Address reprint requests to: Peter Salmon, DPhil, University of Liverpool, Department of Clinical Psychology, The Quadrangle, Brownlow Hill, Liverpool, L69 3GB, England. Email: psalmon{at}liv.ac.uk
Received for publication July 3, 2002; revision received October 25, 2002.
OBJECTIVE: A history of childhood sexual abuse is thought to characterize patients with nonepileptic seizures (NES). We tested the hypotheses: 1) that history of sexual abuse is more prevalent in patients with NES than in controls with epilepsy; 2) that such abuse is associated with NES, not directly but because it is a marker of family dysfunction; and 3) that family dysfunction and abuse are, in turn, linked to NES because they increase a general tendency to somatize.
METHODS: We compared 81 patients with NES with 81 case-matched epilepsy patients, using questionnaires to elicit recollections of sexual, physical, and psychological abuse and family atmosphere and to quantify current somatization.
RESULTS: Although each form of abuse was more prevalent in NES patients, only child psychological abuse uniquely distinguished NES from epilepsy. However, its association with NES was explained by family dysfunction. A general tendency to somatize explained part of the relationship of abuse to NES.

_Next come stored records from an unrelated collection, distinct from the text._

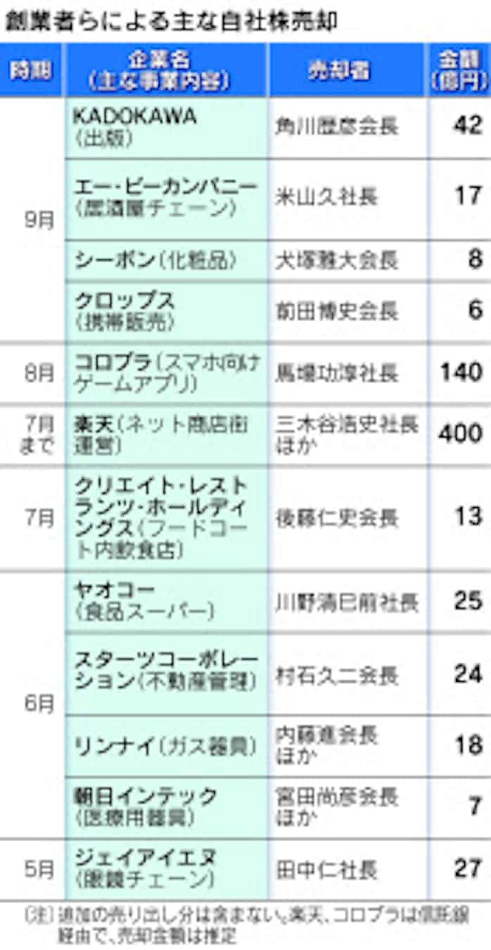 創業者 自社株売りに動く 税優遇廃止控え 日本経済新聞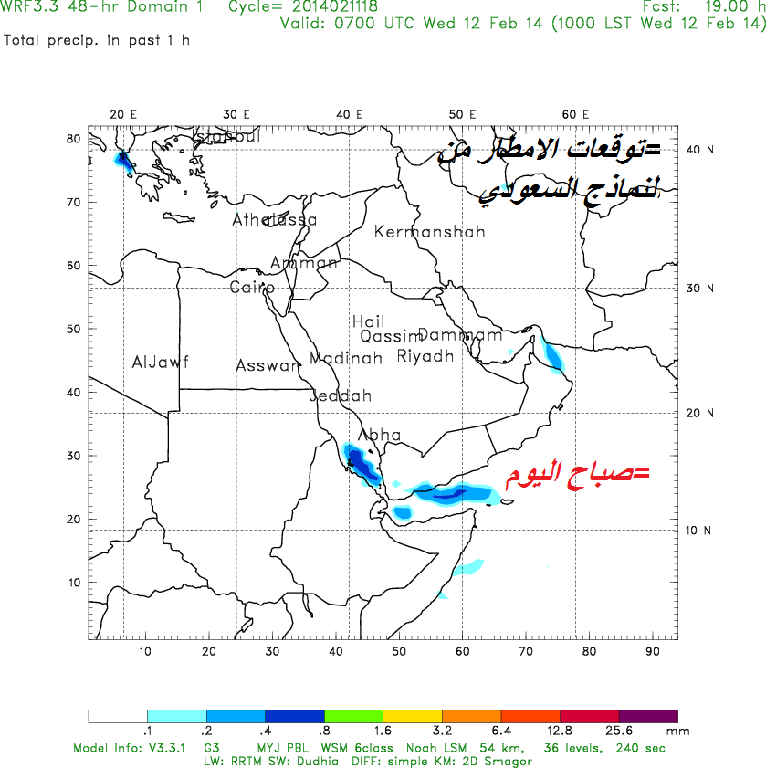 توقعات الامطار حسب التحديثات الاخيره من متوسطه إلى غزيره مع إحتمال نزول الاوديه وقد يصاحب الحاله نشاط رعدي ونزول لحبات البرد.الحيطه والحذر واجب في مثل هذه الحالات.
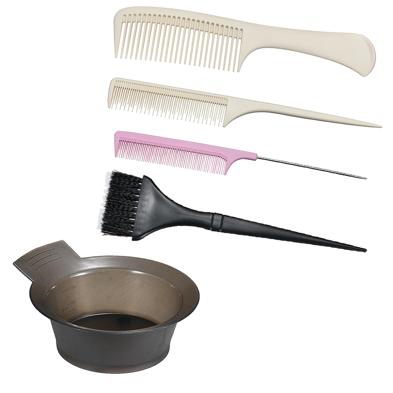 ヘアダイブラシ、ヘアダイカップ、マルチテールコーム、ジャンボコーム、ピンテールコームの5点セット。※それぞれ単品でもご購入いただけます。

CONCLUSIONS: Abuse therefore seems to be a marker for aspects of family dysfunction that are associated with and may therefore cause somatization and, specifically, NES.
Key Words: epilepsy, nonepileptic seizures, somatization, abuse, family dysfunction.
Abbreviations: CFI = comparative fit index;; CI = confidence interval;; EEG = electroencephalogram;; NES = nonepileptic seizures;; OR = odds ratio.